Has anyone else heard this? I was told the other day by the CM that this is now policy.  That being said, I know of several who are about to go on tour who lack their QL5 qual. Can anyone elaborate more on this?


----------



## Occam (9 Jan 2013)

This is a crazy idea, I know...but why didn't you ask the CM when he told you about the new policy?


----------



## MPwannabe (9 Jan 2013)

It was a town hall, and it was being dominated by talk of Close Protection.


----------



## MP 811 (10 Jan 2013)

first time i'm hearing of this........and I sat with the CM.  Of course, im beyond QL5 so that would be a non issue for me anyways.


----------



## dimsum (10 Jan 2013)

MPgonnabe said:
			
		

> It was a town hall, and it was being dominated by talk of Close Protection.



I'll step outside my lane for a sec, but perhaps the intent was there would be no Close Protection deployments unless QL5-qualified?


----------



## RHC_2_MP (10 Jan 2013)

Well,

Cause it brings me so much joy to call BS when I see it.  

As a matter of fact, neither of the two Cpls employed in the MP ops role that are here in theater with me are QL5 qualified.  But i might add, they were hand picked by the CoC here and pretty damn switched on...for French guys...

C'est une joke, tablesnack...


----------



## MPwannabe (10 Jan 2013)

Alright then, it must be the CoC here in Ottawa acting out. I know that several MP's were taken off of a tour this summer because they lacked QL5's. This rule was implemented only a few weeks ago by CPO1 Ross at a town hall in Ottawa I was attending. This was supposed to affect ALL pre-QL5 MPs, not only those who want to go on CP tours.


----------



## FutureMP101 (11 Jan 2013)

Not sure if this applies to CP or not, atleast i hope it does not.

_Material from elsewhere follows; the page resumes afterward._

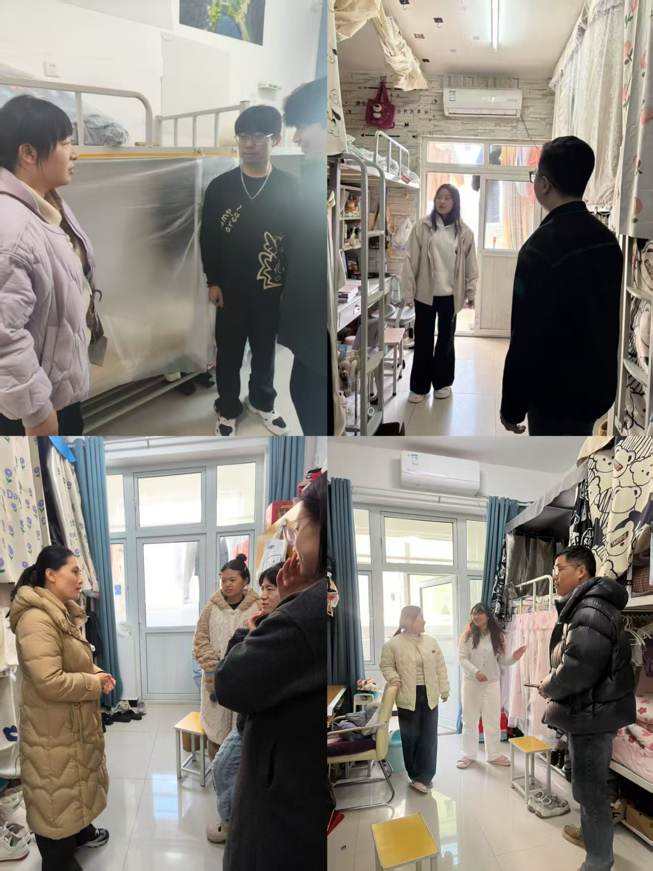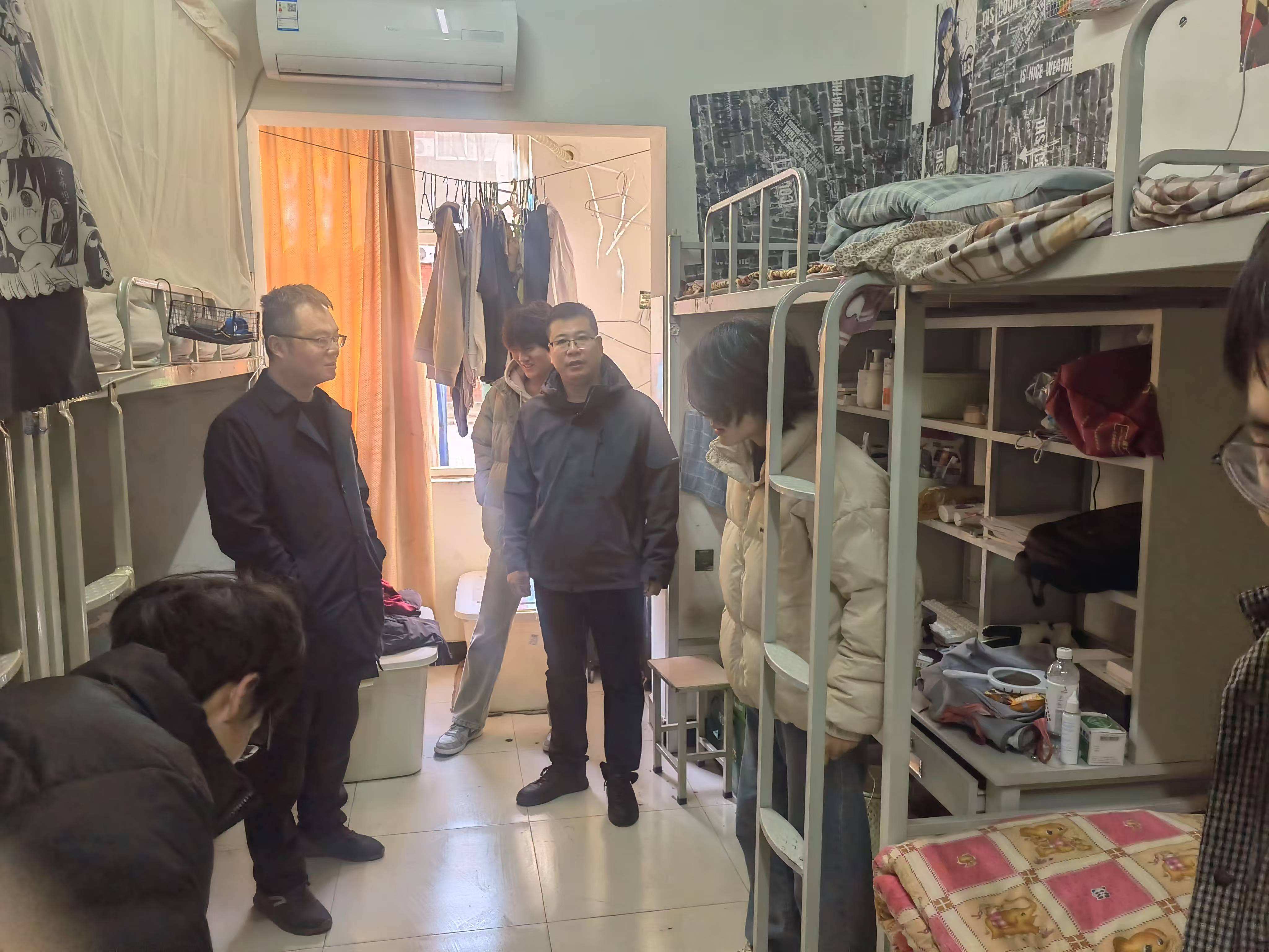 检查过程中,老师们与同学们进行了深入交流,叮嘱同学们近期气温波动较为频繁早晚温差过大,要注意防寒保暖,关注自身身体健康状况;了解同学们假期生活状况,语重心长地嘱咐大家,新学期已然开启,应当及时对生活节奏做出相应调整,科学合理地规划作息时间,以一种积极向上、饱满昂扬的精神状态,全身心地投入到新学期的学习与生活当中。老师们反复向同学们强调,务必牢固树立安全意识,时刻保持警惕,共同努力营造一个安全有序、健康舒适、和谐融洽的宿舍环境,让宿舍真正成为同学们温暖的 “家”。

Is there a purpose behind limiting deployments to QL5 qalified members only?


----------



## garb811 (12 Jan 2013)

To clear up a few points:

1)  the person at your Town Hall was not the Career Manager, she is the Naval Military Police Group Chief Petty Officer;

2)  even if she was the CM, the CM does not have any say, in any shape or form, as to who deploys; and

3)  pre-QL5 should not be deploying on tour for the simple reason that with work up training, the deployment and then the post deployment period, it is unlikely that they will be able to attend their QL5 on time.  This has financial, and other, implications for the member.  

When we were trying to put 120 MP into theatre, we didn't have a choice but to deploy non-QL5 qualified pers, now if the CoC can't find any QL5 Cpls who are suitable, willing and able to deploy, someone needs to get their crap together.

Having said that, CP is a different animal and then you will see pre-QL5 pers deploying, no question asked.


----------